Watch James Franco’s “This Charming Man” Video From His Smiths-Inspired Album/Film Let Me Get What I Want
Wrap your head around this one: James Franco and his fellow RISD conceptual art MFA student Tim O’Keefe have a band called Daddy, and they’re embarking on an ambitious Smiths-inspired audio-visual project called Let Me Get What I Want. As Franco explained to Vice, the complicated backstory began with his book of verses, Directing Herbert White: Poems:
We took a ten-poem sequence called “The Best of the Smiths: Side A and Side B.” I originally wrote this sequence as a way to use one medium (music) to influence another one (poetry). The Smiths’ songs provided inspiration for the poems, lending tone and situation.

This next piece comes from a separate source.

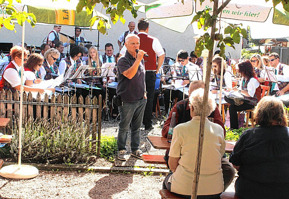 Schon dicht gedrängt saßen die zahlreichen Gäste im Kronegarten in Tegernau, als Hans Viardot um 11 Uhr am Sonntag den „Tag des offenen Denkmals“ im Wirtshausmuseum „Krone“ eröffnete. Zum Frühschoppenkonzert begrüßte schon zum zwanzigsten Mal der Musikverein Tegernau, der im Jahr 1900 in eben dieser „Krone“ gegründet worden war und ihr seitdem die Treue hält. Bei den Führungen im Wirtshausmuseum, das wegen seiner umfangreichen Dokumentation an historischen Fotografien „das Haus der tausend Bilder“ genannt wird, schlossen sich zahlreiche Besucher an, die zum erste Mal in der „Krone“ waren. In seiner Führung schilderte Hans Viardot die Geschichte der „Krone“, die nach dem Tod der letzten Wirtin, der „Kallfass-Luis“, nach umfangreichen Sanierungen vom Verein zur Erhaltung des Wirtshauses „Zur Krone“ wieder eröffnet worden war. Die „Krone“ besteht als Gastwirtschaft seit Februar 1735. Das Gebäude der „Krone“ ist sicher älter und es wird vermutet, dass es schon im zwölften Jahrhundert bestand, denn das im Gebäude gefundene „Krone“-Fläschchen wurde von Fachleuten auf das zwölfte Jahrhundert datiert. Im Gasthaus werden zur Zeit reiche Foto-Dokumentationen gezeigt, die Bilder aus dem Kleinen Wiesental aus vergangenen Zeiten zeigen. Neben einer Dokumentation von Fotos der alten Gasthäuser der früher selbständigen acht Einzelgemeinden, besteht eine Sammlung von Bild-Postkarten der bekannten Schwarzwaldmaler mit Bildern von Schwarzwaldhäusern und Naturlandschaften. „Diese Bilder geben den Schwarzwald als Sehnsuchstort wieder“, erklärte Hans Viardot bei seiner Führung. Die Wirklichkeit aber war eine andere, wie Hans Viardot im Detail erläuterte. Davon geben Fotografien vom Alltag der Menschen im Kleinen Wiesental Zeugnis, die sich ebenfalls im Wirthausmuseum finden. Die genannten Ausstellungen werden durch Bild- und Schriftzeugnisse aus der Zeit um den Ersten und Zweiten Weltkrieg erweitert und vertieft. Die Besucher waren von der Zahl und der Qualität der Ausstellungen nachhaltig beeindruckt und verlangten immer wieder nähere Aufschlüsse zu einzelnen der dargestellten Bilder. Das Wirtshaumuseum „Krone“ hat mit diesem Denkmaltag und seinen Ausstellungen, seinem Anspruch „ein lebendes Museum“ zu sein, wieder alle Ehre gemacht.

Once I had the sequence, Tim and I took the material one step further and turned the poems inspired by songs, back into songs of their own.
The finished product will be a series of 10 music videos that connect into a seamless narrative loop with no beginning and no ending. The films feature three characters from Franco’s poems — Tom, Sterling, and Erica — inspired by his childhood in Palo Alto. Students from Franco’s mother’s high school film class in Palo Alto wrote scripts based on Franco’s poems. Franco and O’Keefe then wrote songs based on the scripts, and the students filmed the videos based on the songs. More from Franco:
I thought it would be fitting to have high school students in the 2010s take the material I had generated from my own experiences and interpret it themselves. It would add one more layer of youthful influence, Palo Alto influence, and another medium.
In a pleasingly bizarre twist, Franco got Smiths bassist Andy Rourke to play on all 10 recordings. Also, each video begins with a painting by Franco. Watch the first clip, “This Charming Man,” below.
Let Me Get What I Want will be out next year.